Parar de ofender a Jesus – Foi o primeiro que os pastorinhos fizeram; primeiro deixaram de ser pecadores, ganhando uma consciência mais desperta que lhes permitia julgar cada um dos seus atos e expor o pecado nas suas vidas por pequeno que fosse.

Rezar o rosário todos os dias – Pelo rosário somos levados das mãos de Maria nossa mãe, a contemplar os mistérios da Nossa Redenção, ou seja, a vida do Seu filho; como ela o conhece mais que ninguém, ela, mais que ninguém nos pode introduzir ao seu filho, à sua vida e doutrina.

Oferecer sacrifícios – Ao oferecer sacrifícios estamos a pôr em prática a razão pela qual participamos na eucaristia. Ao fim da Missa em Latim, o sacerdote despede as pessoas dizendo, “Ite missa est” o qual significa não só que a missa termina, mas que estais em Missão; ou seja, termina a Missa começa a Missão.

Parte dessa missão é trazer para a vida a dimensão eucarística; comemos o corpo entregado e bebemos o sangue derramado, para sermos nós mesmos nas nossas vidas, corpo entregado e sangue derramado. Participamos na eucaristia para sermos eucarísticos e fazermos da nossa vida uma doação pela redenção dos outros. Isto fazemos, quando, como os pastorinhos, nos oferecemos ao negarmo-nos a nós mesmos, abraçando a cruz de Cristo todos os dias, negando-nos a nós mesmos, para afirmar o outro nas nossas vidas.

Devoção ao Imaculado Coração de Maria – A oração assídua coloca-nos diante de Deus que atua como um espelho que nos faz ver quem realmente somos; uma falsa imagem de nós mesmo leva a uma falsa imagem de Deus. A oração purifica as duas imagens de Deus e de nós próprios; por outro lado a oração ao Imaculado Coração de Maria purifica o nosso coração e trona-o semelhante ao dela. É do nosso interesse esta devoção pois segundo a Bem-aventurança, só os puros de coração a que vêm a Deus.

Observância dos 5 primeiros Sábados – São uma bela campanha para revigorar a nossa fé e a nossa prática cristã. São como os exercícios espirituais de Santo Inácio ou como os cursilhos de cristandade; é um começar de novo, o despertar de uma fé adormecida que perdeu o sal que dava sentido e sabor à vida que deixou, por isso, de ser luz do mundo.

Usar o escapulário – Esta prática que chegou a ser muito popular, ainda não perdeu o seu valor.
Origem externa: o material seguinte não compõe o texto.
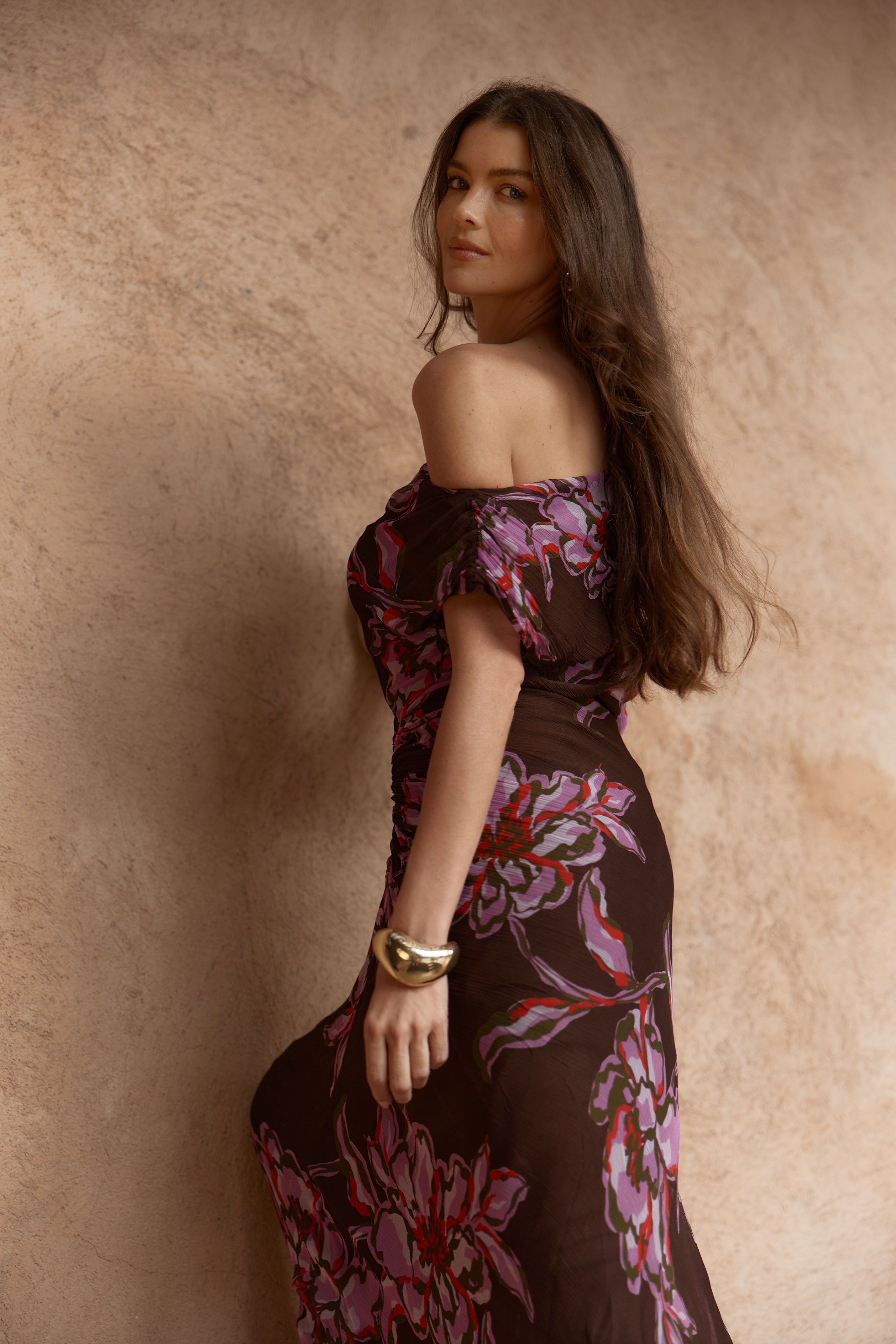 The Margo One Shoulder Dress is an elevated study in asymmetry. Featuring an exclusive floral print, it drapes effortlessly through a full-length silhouette. Subtle gathering at the waist creates refined shaping. A sophisticated trans-seasonal piece designed for modern occasion wear.

Não é que o escapulário seja um talismã que nos protege de por si sem a nossa colaboração; isso seria idolatria. O uso do escapulário serve para nos recordar, hora a hora, minuto a minuto, que estamos chamados a revestir-nos de Cristo como diz São Paulo. (Efésios 4, 22-24)

Conclusão
Temos, porém, esse tesouro em vasos de barro, para demonstrar que este poder que a tudo excede provém de Deus e não de nós mesmos. (2 Coríntios 4:7)

Ao fim desta longa digressão e estudo do acontecimento Fátima, o seu significado e mensagem, apercebo-me da riqueza, da profundidade doutrinal, profética, social e politica da mensagem. Quase nem posso acreditar como possa ter sido depositada em três crianças de tão tenra idade completamente incultas, e como apesar destas limitações, como dizemos em bom português, elas deram bem conta do recado no viver, anunciar e custodiar a mensagem de Fátima, apesar da incredulidade das suas próprias famílias a da Igreja e os obstáculos e ameaças do poder político e administrativo.
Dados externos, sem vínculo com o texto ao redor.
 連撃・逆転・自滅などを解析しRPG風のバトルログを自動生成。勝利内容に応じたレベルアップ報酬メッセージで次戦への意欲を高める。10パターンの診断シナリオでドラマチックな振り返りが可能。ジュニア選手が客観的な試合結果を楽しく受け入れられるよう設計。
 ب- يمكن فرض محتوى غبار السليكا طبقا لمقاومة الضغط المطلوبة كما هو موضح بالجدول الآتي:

Quero terminar esta reflexão da mesma forma que a comecei: O mistério escondido aos sábios, orgulhosos da sua sabedoria, foi revelado aos simples e aceite por aquele tipo de sábios que são os verdadeiros, os que mantém a mente aberta, sem preconceitos, os que reconhecem que só sabem que nada sabem. (Mateus 11, 25)
Pe. Jorge Amaro, IMC

1 de dezembro de 2017

Fátima: "Rezai o Rosário todos os dias"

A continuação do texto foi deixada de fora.